— What the task asks —
Look below for the line with "Werbeanzeige für Schreibmaschine"; begin the copy there and stop after the line with "All Stainless Steel", keeping the text exact and the pictures out.

— The data —
:::

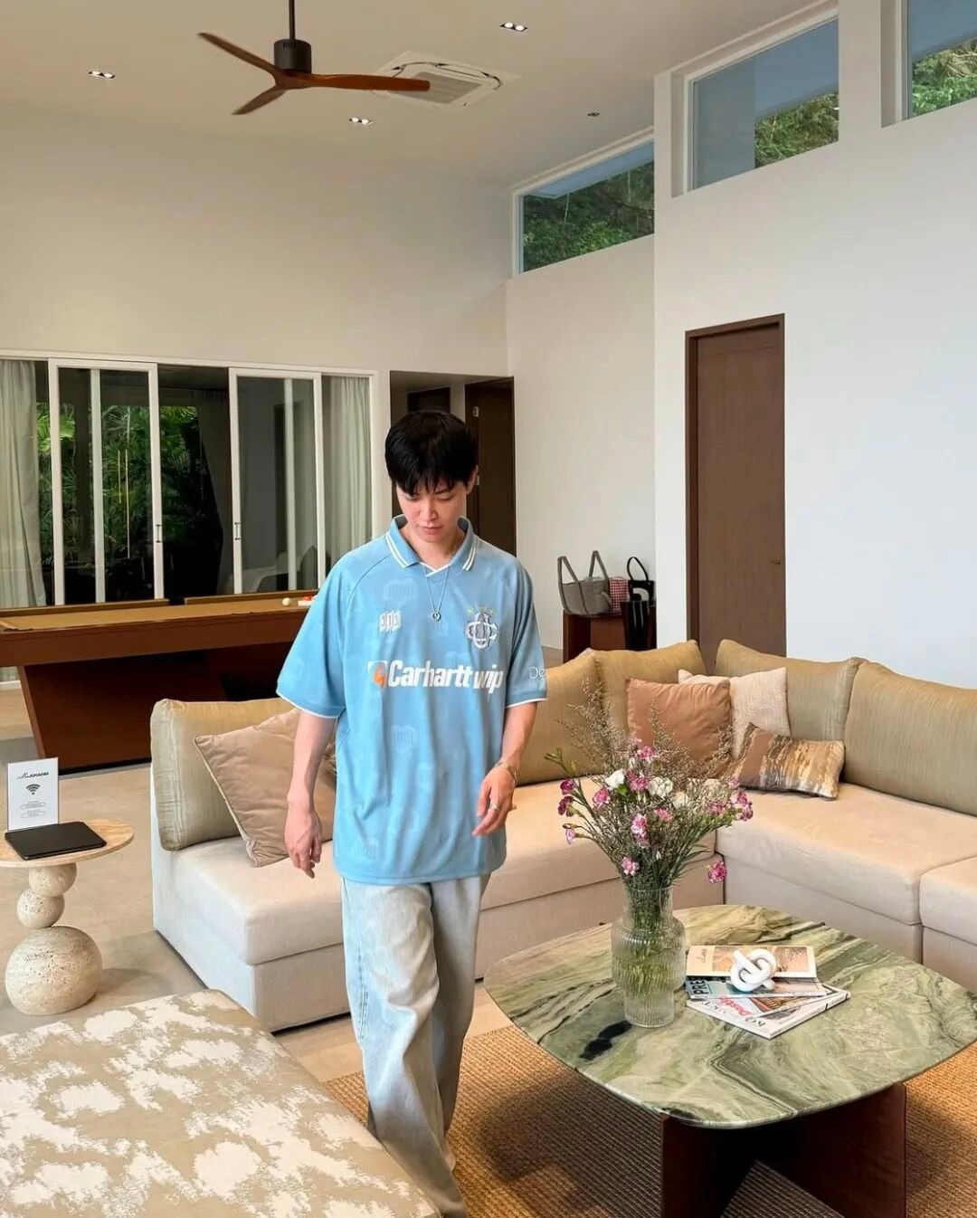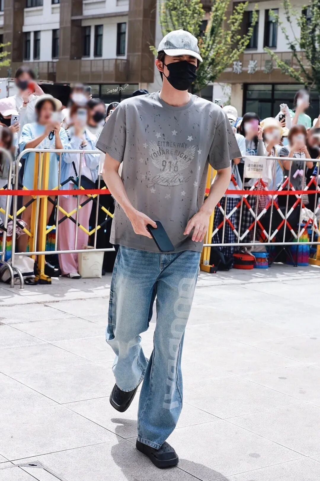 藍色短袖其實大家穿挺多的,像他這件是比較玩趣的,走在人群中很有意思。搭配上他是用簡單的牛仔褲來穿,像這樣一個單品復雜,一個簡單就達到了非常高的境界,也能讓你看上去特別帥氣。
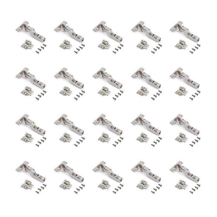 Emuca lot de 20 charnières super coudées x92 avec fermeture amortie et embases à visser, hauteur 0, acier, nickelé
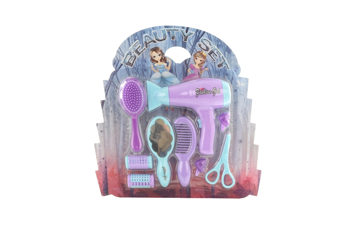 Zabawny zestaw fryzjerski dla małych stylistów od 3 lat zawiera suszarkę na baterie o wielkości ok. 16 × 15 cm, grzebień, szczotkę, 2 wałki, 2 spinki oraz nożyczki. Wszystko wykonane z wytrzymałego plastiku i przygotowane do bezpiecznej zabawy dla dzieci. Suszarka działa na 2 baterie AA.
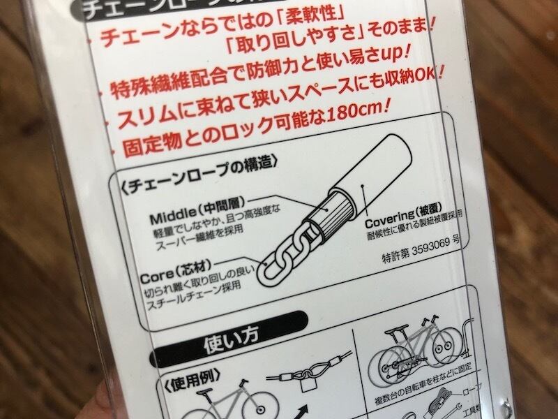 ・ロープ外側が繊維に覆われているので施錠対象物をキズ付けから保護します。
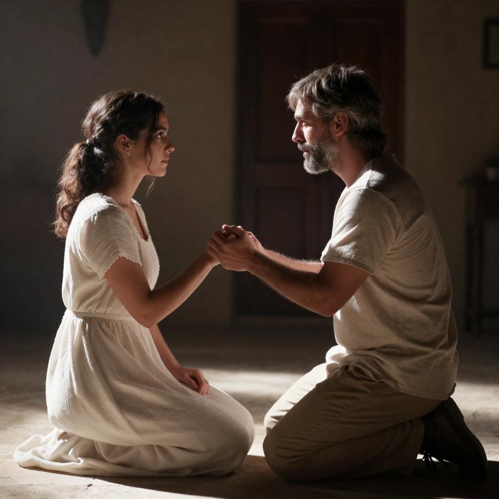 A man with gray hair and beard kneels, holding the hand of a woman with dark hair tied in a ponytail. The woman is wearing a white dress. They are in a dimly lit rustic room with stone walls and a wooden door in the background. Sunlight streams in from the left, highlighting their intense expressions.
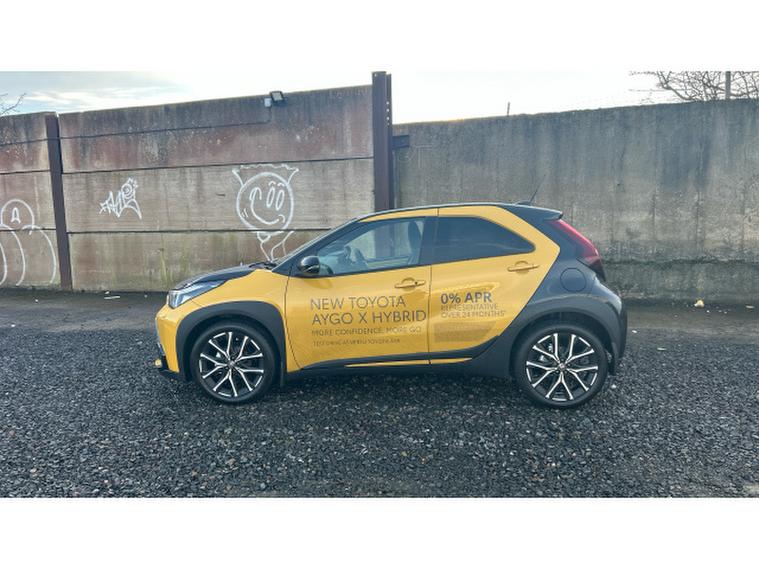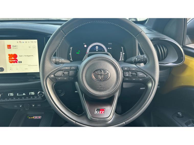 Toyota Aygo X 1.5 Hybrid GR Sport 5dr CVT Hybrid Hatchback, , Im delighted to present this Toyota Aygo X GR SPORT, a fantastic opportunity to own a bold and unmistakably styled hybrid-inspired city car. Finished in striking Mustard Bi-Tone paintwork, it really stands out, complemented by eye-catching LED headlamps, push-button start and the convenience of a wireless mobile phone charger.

:::

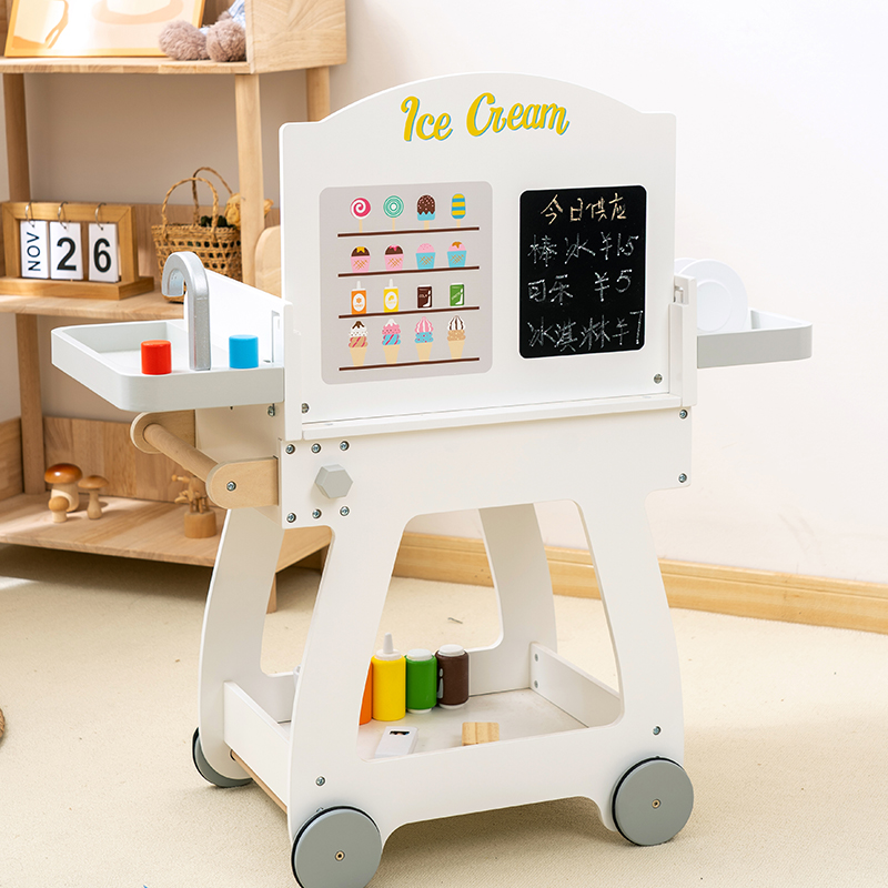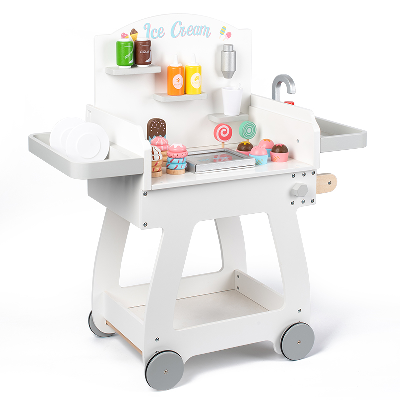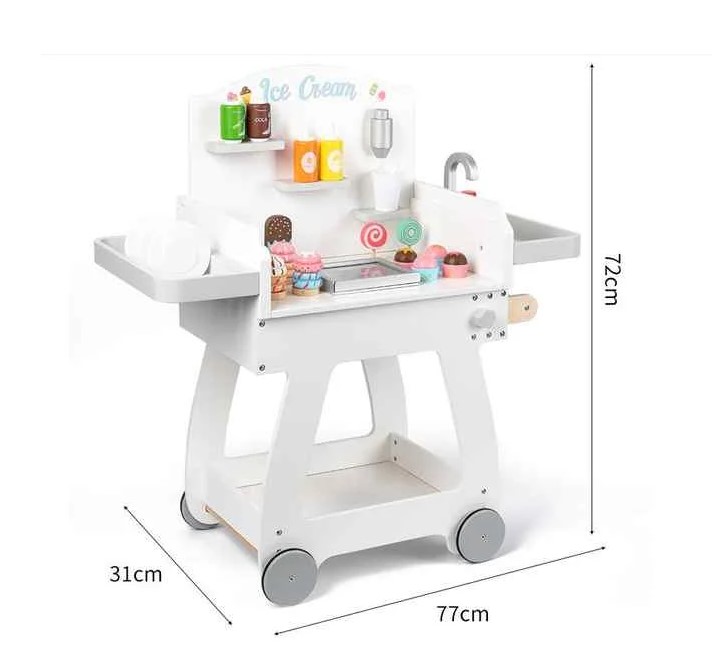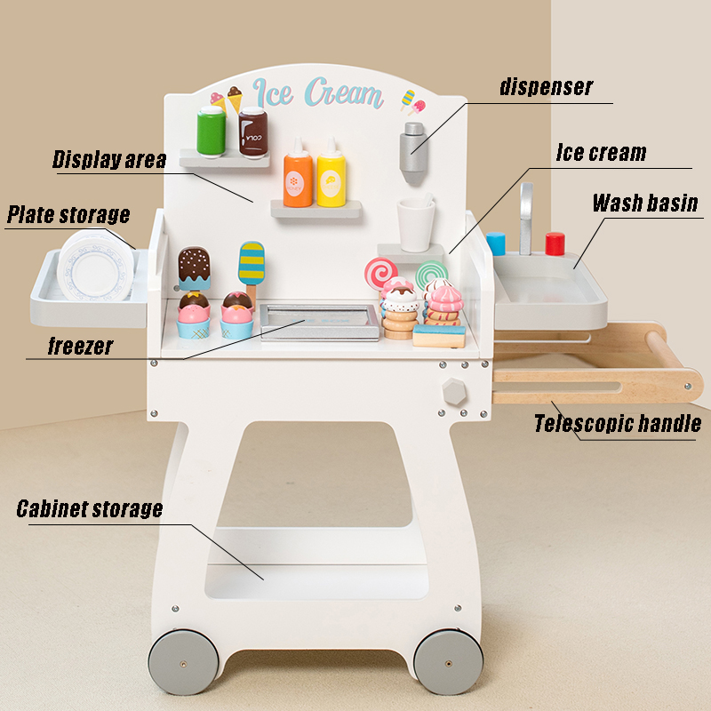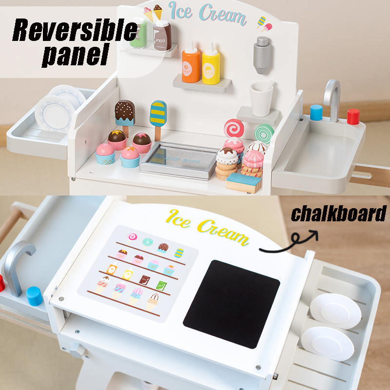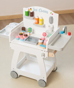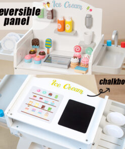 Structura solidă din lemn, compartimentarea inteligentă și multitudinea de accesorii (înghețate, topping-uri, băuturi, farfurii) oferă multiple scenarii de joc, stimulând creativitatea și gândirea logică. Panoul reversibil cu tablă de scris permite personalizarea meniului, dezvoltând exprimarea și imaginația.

:::

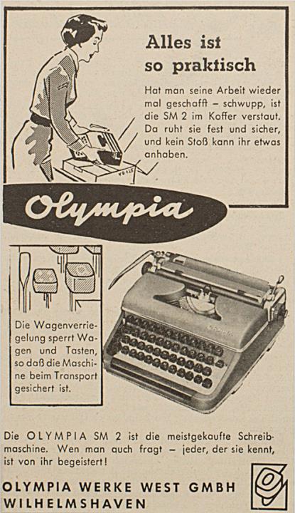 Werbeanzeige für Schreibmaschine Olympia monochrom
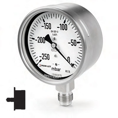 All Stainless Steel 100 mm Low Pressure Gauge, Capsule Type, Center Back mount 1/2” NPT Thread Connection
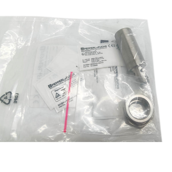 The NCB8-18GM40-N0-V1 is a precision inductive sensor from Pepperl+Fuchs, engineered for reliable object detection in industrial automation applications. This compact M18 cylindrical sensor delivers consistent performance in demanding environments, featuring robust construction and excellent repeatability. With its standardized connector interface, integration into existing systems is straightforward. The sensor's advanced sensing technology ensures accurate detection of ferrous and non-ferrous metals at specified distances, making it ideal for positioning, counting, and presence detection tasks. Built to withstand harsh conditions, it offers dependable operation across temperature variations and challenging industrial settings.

:::

— Exercise answer —
 Werbeanzeige für Schreibmaschine Olympia monochrom
 All Stainless Steel 100 mm Low Pressure Gauge, Capsule Type, Center Back mount 1/2” NPT Thread Connection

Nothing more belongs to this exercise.